▸ Task prompt: Would you transcribe the listing that follows word for word, skipping pictures?

▸ Data below:
[Start of section]

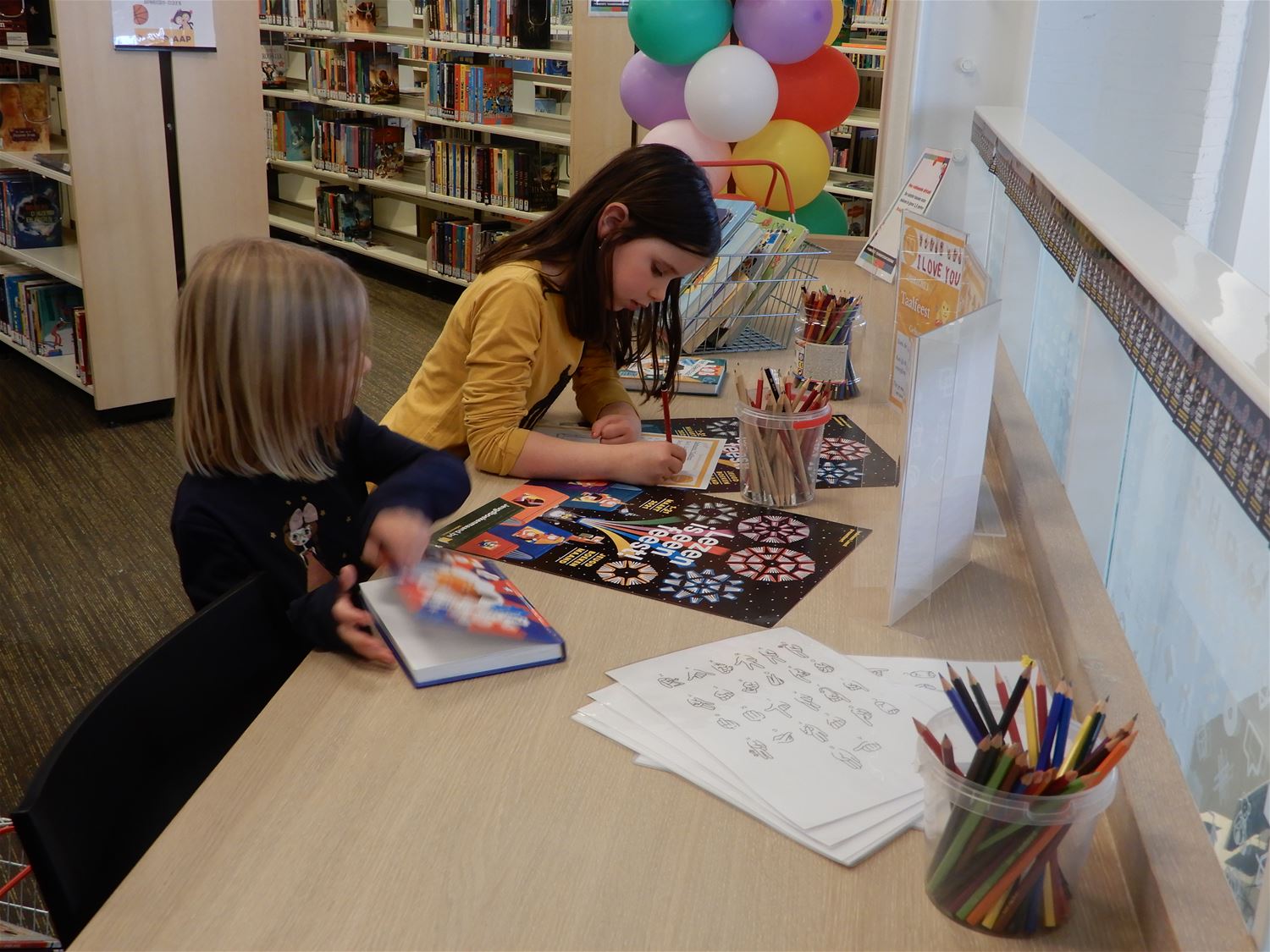 De Jeugdboekenmaand is deze week gestart en vooral op deze vrije woensdagnamiddag draaide ze al op volle toeren in de bib. Die is dan ook feestelijk en kleurrijk uitgedost, dat mag ook want de Jeugdboekenmaand viert haar 50ste verjaardag. En voor dit gouden jubileum hebben de bibmedewerkers een hoop activiteiten en animatie uitgewerkt. En ook de scholen worden daarin uiteraard betrokken. Zo worden kinderen gestimuleerd om samen met hun ouders naar de bib te gaan en te lezen. Daarvoor krijgen ze een rupskaart en het is nu afwachten welke school op die manier de langste rups maakt. Een leesrups als het ware. De AAP was vandaag ook van de partij om de jonge bezoekers te verwelkomen en wegwijs te maken. Wie er vandaag niet was, niet getreurd, de maand is nog maar pas gestart. (foto's Julien Maebe)67811
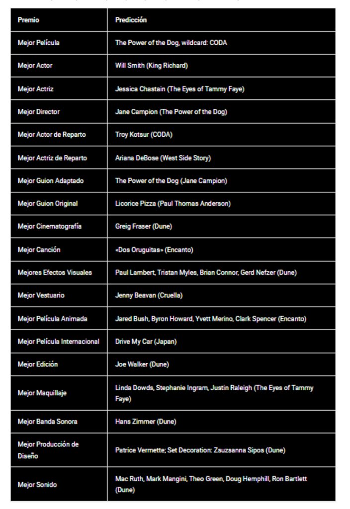 Volviendo al evento que nos convoca. En cuanto al premio de la noche (Mejor Película) este año se parece bastante a 2020 (https://www.lagranaldea.com/2020/02/07/predicciones-oscar2019/), donde “1917” y “Parasite” parecían empatar hasta el último minuto. En este caso, la contienda está entre “The Power of the Dog”, la película escrita y dirigida por Jane Campion y producida por Net ix; y “CODA”, la película escrita y dirigida por Sian Heder y distribuida por Apple.
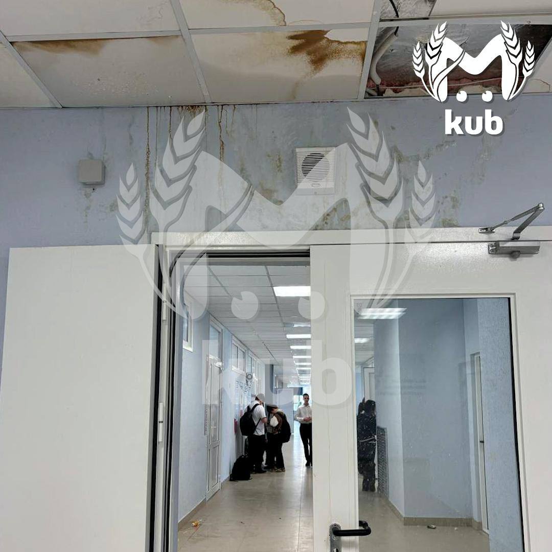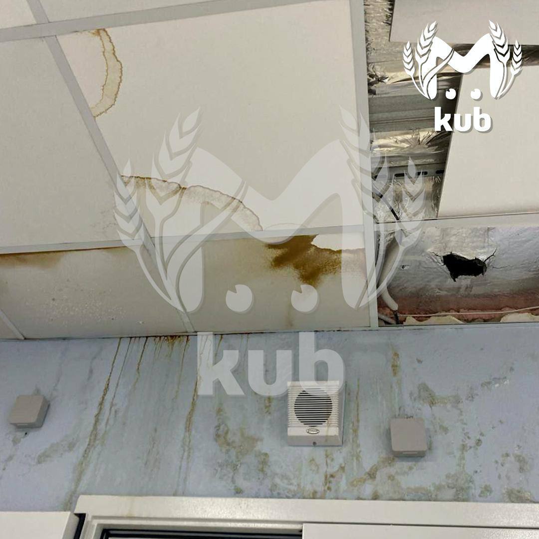 Родители учеников рассказывают, что потолки дали течь во время ливней пару недель назад. В классах пришлось ставить ведра и протирать полы от луж.

[End of section]

▸ Output:
 De Jeugdboekenmaand is deze week gestart en vooral op deze vrije woensdagnamiddag draaide ze al op volle toeren in de bib. Die is dan ook feestelijk en kleurrijk uitgedost, dat mag ook want de Jeugdboekenmaand viert haar 50ste verjaardag. En voor dit gouden jubileum hebben de bibmedewerkers een hoop activiteiten en animatie uitgewerkt. En ook de scholen worden daarin uiteraard betrokken. Zo worden kinderen gestimuleerd om samen met hun ouders naar de bib te gaan en te lezen. Daarvoor krijgen ze een rupskaart en het is nu afwachten welke school op die manier de langste rups maakt. Een leesrups als het ware. De AAP was vandaag ook van de partij om de jonge bezoekers te verwelkomen en wegwijs te maken. Wie er vandaag niet was, niet getreurd, de maand is nog maar pas gestart. (foto's Julien Maebe)67811
 Volviendo al evento que nos convoca. En cuanto al premio de la noche (Mejor Película) este año se parece bastante a 2020 (https://www.lagranaldea.com/2020/02/07/predicciones-oscar2019/), donde “1917” y “Parasite” parecían empatar hasta el último minuto. En este caso, la contienda está entre “The Power of the Dog”, la película escrita y dirigida por Jane Campion y producida por Net ix; y “CODA”, la película escrita y dirigida por Sian Heder y distribuida por Apple.
 Родители учеников рассказывают, что потолки дали течь во время ливней пару недель назад. В классах пришлось ставить ведра и протирать полы от луж.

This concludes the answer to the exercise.